Description
🐛 Bug
I am developing a custom Feature Extractor Type (based on DeepSets) for SB3 and want to train + optimize it with sb3_zoo. For it I add the following to a custom config.py file:
gym.register(
"env-name",
class,
kwargs)
hyperparams = {
"env-name": dict(
policy="MultiInputPolicy",
policy_kwargs={
"features_extractor_class": FeatureExtractorSet,
"features_extractor_kwargs": {
"features_dim": 10
}
}
)
}
This works well with the normal train.py (Arguments: '--algo', 'a2c', '--conf-file', 'path/to/config.py', '--gym-packages', 'path.to.config', '--n-timesteps', '100', '--device', 'cpu', '-P', '--env', 'env-name', ...)

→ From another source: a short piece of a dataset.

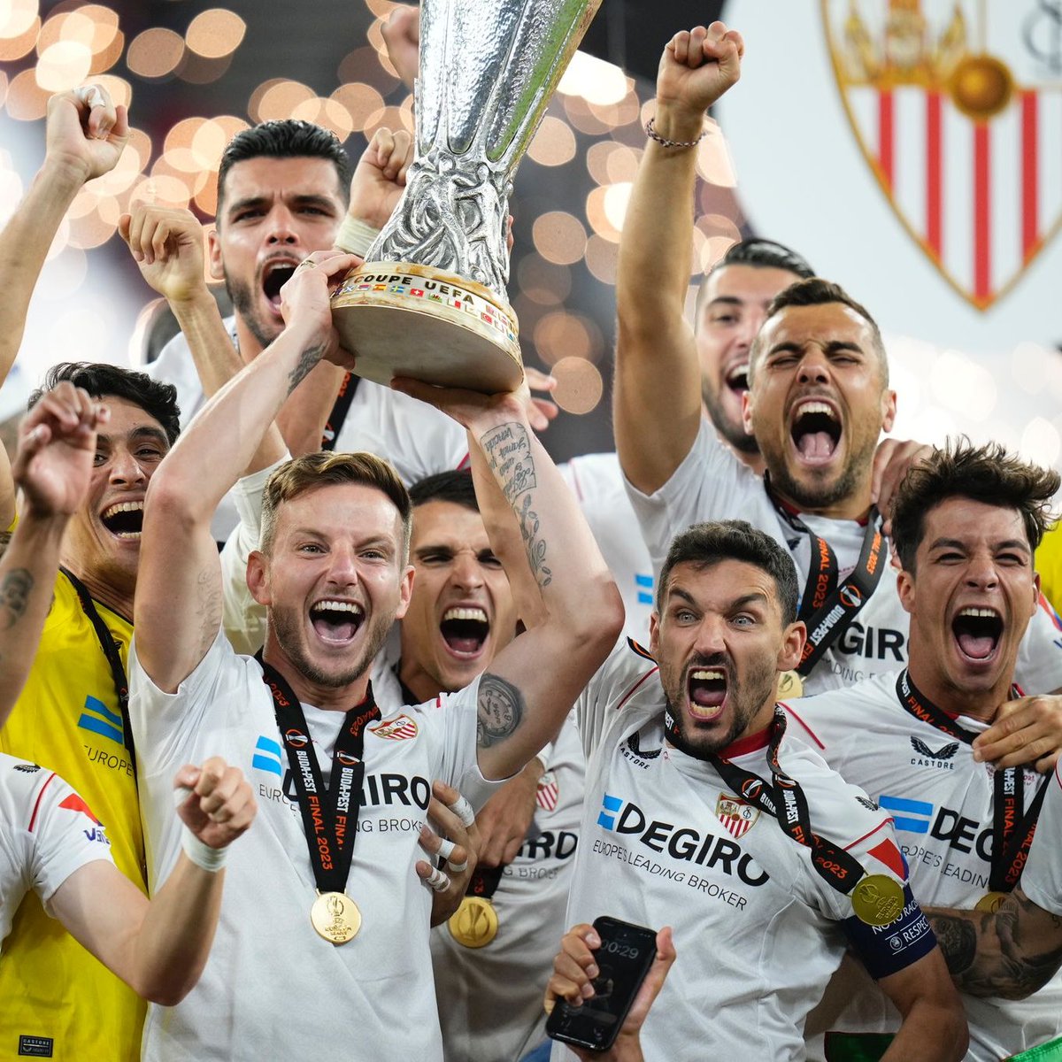 🏆 El #SevillaFC ofrecerá la séptima @EuropaLeague este jueves a sus aficionados tras aterrizar desde Budapest.

When adding '-optimize' the training fails (actions contain NaN as I encode invalid observations that are discarded by the custom FeatureExtractorSet with NaN). Closer investigation shows that the objective
function updated self._hyperparams
which contains the sub-dict {'policy_kwargs': {'feature_extractor_class': FeatureExtractorSet}}
with the sampled hyper-parameters that also set other policy_kwargs then feature_extractor_class.
I would suggest replacing
rl-baselines3-zoo/rl_zoo3/exp_manager.py
Line 741 in 28dc228
To Reproduce
No response
Relevant log output / Error message
No response
System Info
- OS: Linux-5.15.0-91-generic-x86_64-with-glibc2.31 # 101~20.04.1-Ubuntu SMP Thu Nov 16 14:22:28 UTC 2023
- Python: 3.9.18
- Stable-Baselines3: 2.2.1
- PyTorch: 2.1.1+cu121
- GPU Enabled: True
- Numpy: 1.26.2
- Cloudpickle: 3.0.0
- Gymnasium: 0.29.1
Checklist
- I have checked that there is no similar issue in the repo
- I have read the SB3 documentation
- I have read the RL Zoo documentation
- I have provided a minimal and working example to reproduce the bug
- I've used the markdown code blocks for both code and stack traces.